Peter kannte die eßbaren Kräuter und Wurzeln der Alpenwelt bald so gut, daß er draußen um eine Mahlzeit nie verlegen war. Wenn es ihm an Quellwasser fehlte, kaute er saftigen Sauerklee und löschte so seinen Durst. Vor den Tollkirschen, vor den appetitlichen Beeren des Seidelbastes und anderer Giftpflanzen war er gewarnt; er kannte die gefährlichen Pilze und vermied sie wie die Ziegen die giftigen Blätter der Nieswurz.

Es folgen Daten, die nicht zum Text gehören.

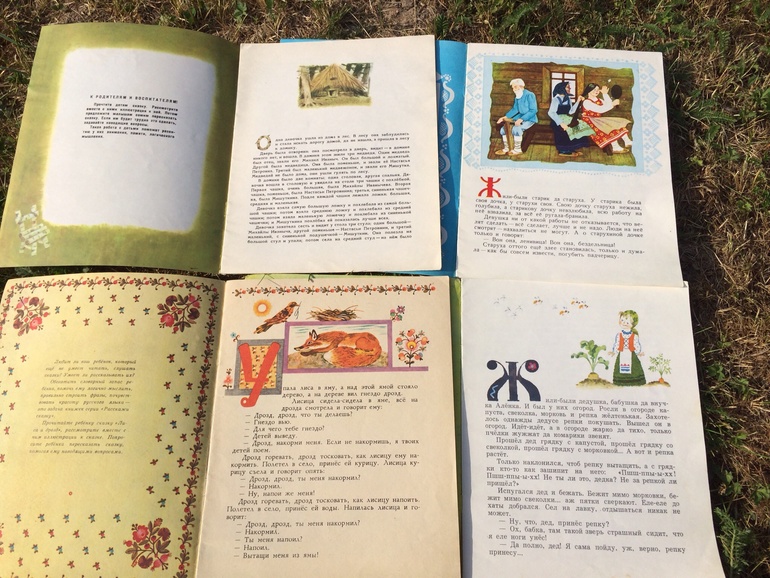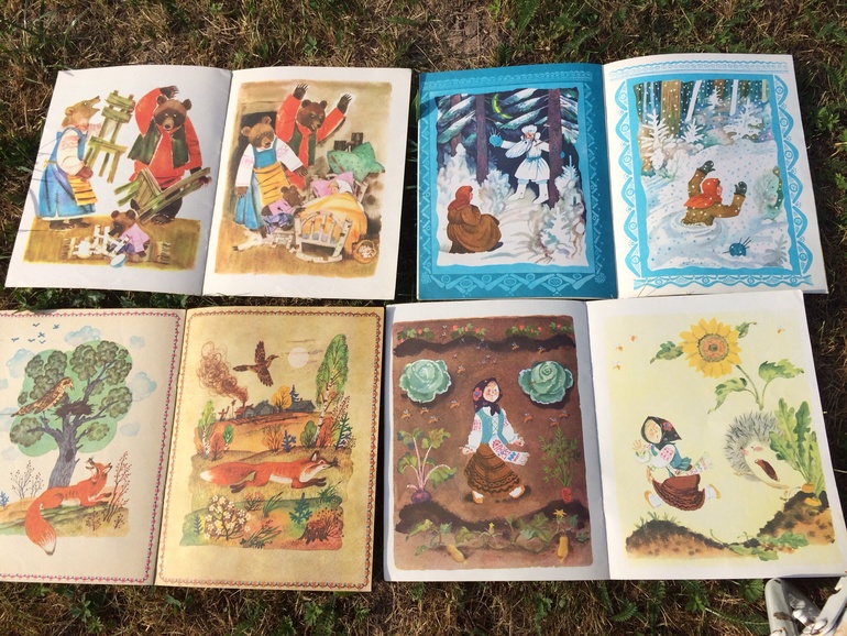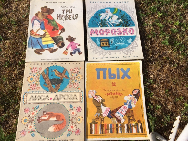 Четыре книжки из серии "расскажи сказку" ( Лиса и дрозд, Три медведя, Морозко, Пых) эта серия своего рода пособие для развития речи, в начале книжек идет небольшой текст самой сказки(1-2стр), а все остальные страницы занимают большие яркие картинки, по которым легко можно пересказать данные сказки.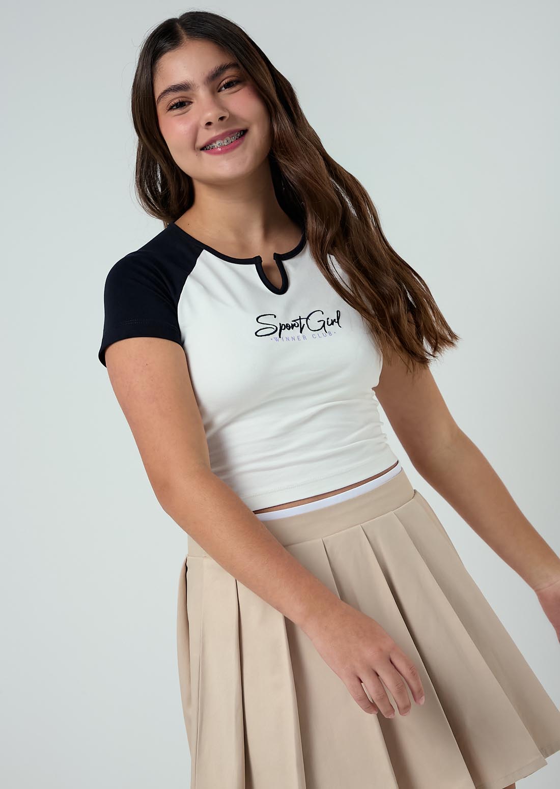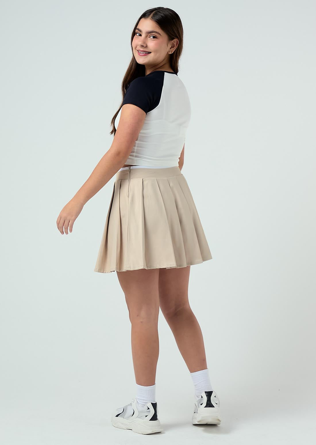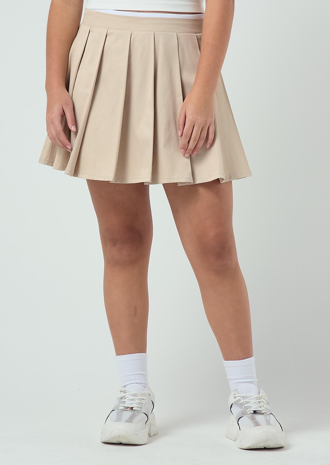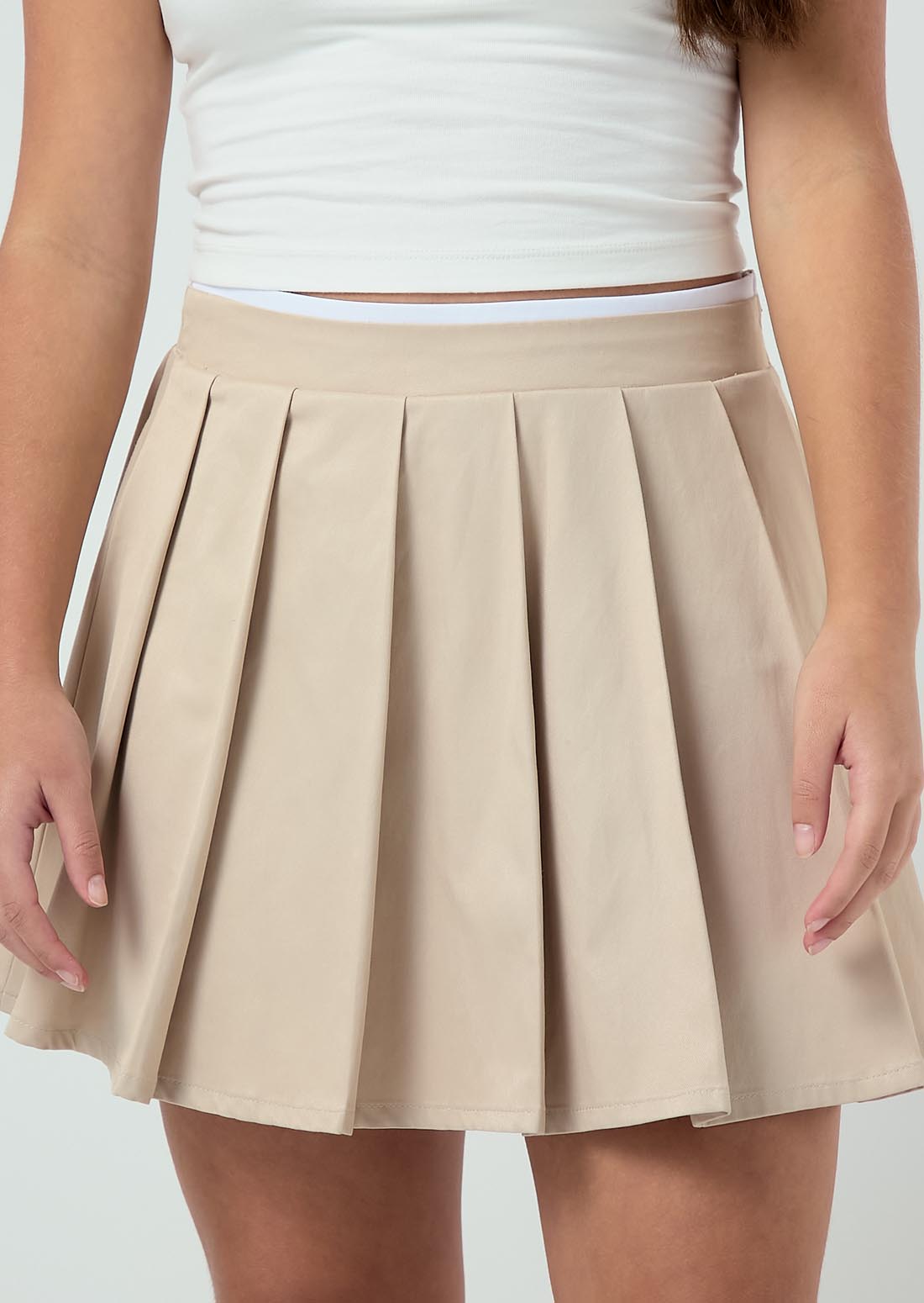 Falda tiro alto, color arena, fondo entero y tableada para adolescentes.

Alles, was die Ahnl dem Peter beim gemeinsamen Kräutersammeln mitteilte, erzählte er Eva. Und während sie, allein gelassen, die gesammelten Pflanzen und Pilze verlas, schnitt und trocknete, war sie mit ihren Gedanken in einer Welt des Wundersamen und Geheimisvollen.
Der Sonntag war der einzige Tag, an dem die Kinder in ihrer Märchenwelt schwelgen konnten. Die alte Stoderin wußte nichts von den Sonntagsbräuchen der heidnischen Vorfahren. Verwirrt vom Glaubensstreit der Zeitgenossen, hielt sie jedoch daran fest, daß nach der harten Arbeitswoche der heilige Tag ein Feiertag sein sollte, durch keine grobe Arbeit entweiht. Dann führte Peter seine Gefährtin auf die hochgelegenen Halden, wo Edelweiß und leuchtend rote Alpenrosen prangten.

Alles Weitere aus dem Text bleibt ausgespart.